Melina Borčak, September 11 – November 30, 2024, Phase 3, Berlin and throughout Germany
The multi-year project will train young people from different communities to become newsfluencers and journalists in order to generate coverage and publicity for relevant but neglected political and social issues. The CPPD micro-grant enabled the implementation of the third project phase, in which a kick-off workshop and three further workshops were held for the participants to gain basic knowledge on the topics of “Panel and interview training”, “Tik Tok as a means of remembrance culture” and “Remembrance work in social media”. By sharpening media awareness and learning tools for dealing with history in journalistic contexts, the project aims to contribute to the pluralization of remembrance culture in Germany and beyond.

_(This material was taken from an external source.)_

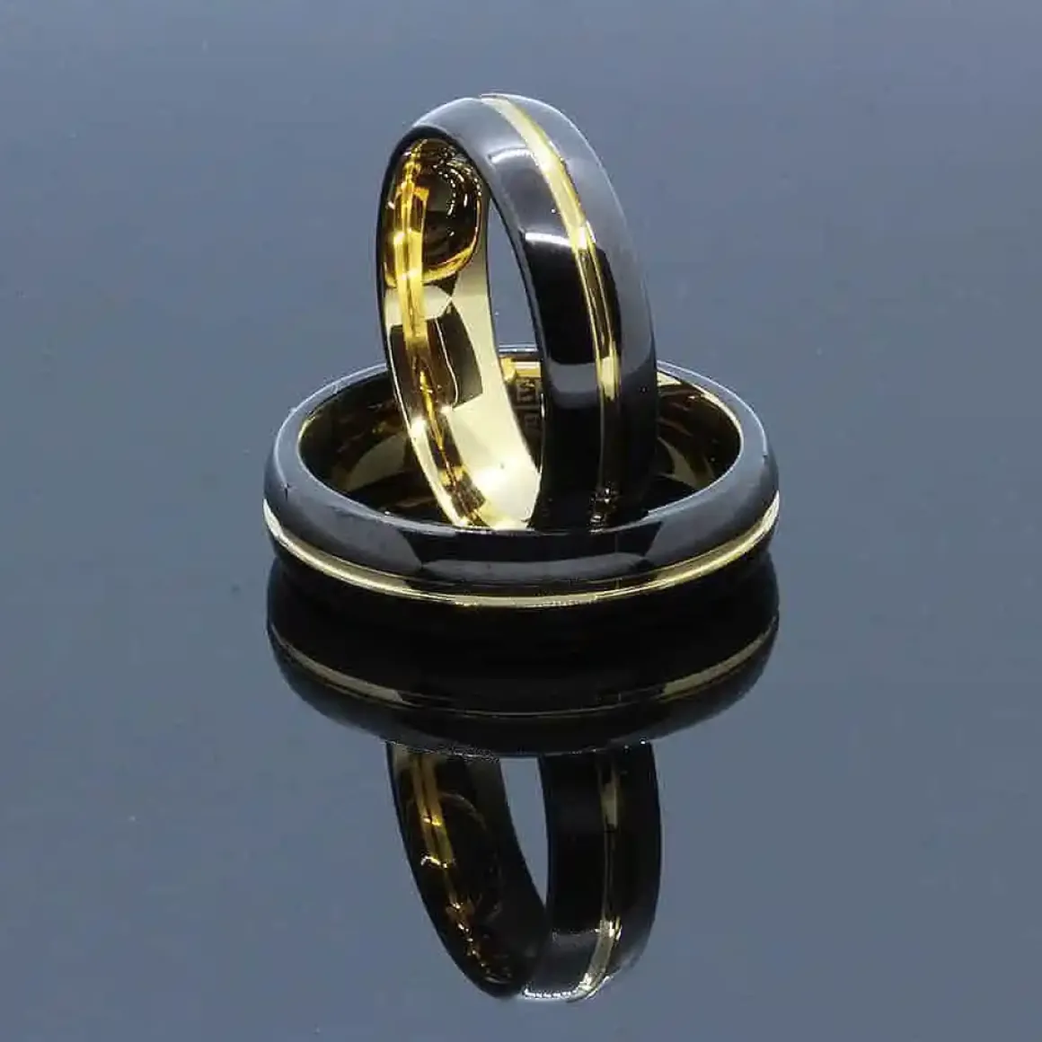Meget flot stilfuld forlovelsesring i Tungsten med matteret blackcoat og forgyldt stribe.

Project participants: Kim Ly (workshop leader, qualification: host of a TikTok format of RTL, journalist), Emily Laquer (workshop leader, founder of the activist agency), Denise Brechbühl-Diaz (social media support, qualification: language skills (German, English, Spanish), experience in social media management)
Hamze Bytyçi, RomaTrial e.V., August 15 – October 30, 2024, Berlin
The Micro-Grant supported the participant fees for this event: On October 7, 2024, the Grüner Salon invited participants to a special event entitled »Gegenwart Erinnern: Eine Nacht der Trauer«. On the occasion of the terrorist attacks carried out by Hamas in Israel exactly one year ago, on October 7, 2023, and the subsequent war in Gaza, the focus of the event was on the complex and ambivalent topic of mourning, which was considered on this night in its complexity and multidimensionality, which constitutes its unique tension: as a cultural phenomenon that shapes collective memory, remembrance and identities, and as an individual, profound emotion. The aim of the event was to achieve a shared understanding of the complex interconnections and facets of mourning. The focus was on the question of how societies mourn and whether collective mourning can be a unifying force in the face of conflict and polarization. With this event, Hamze Bytyçi and RomaTrial e.V. built on the good cooperation with the CPPD to place October 7 in the context of remembrance politics.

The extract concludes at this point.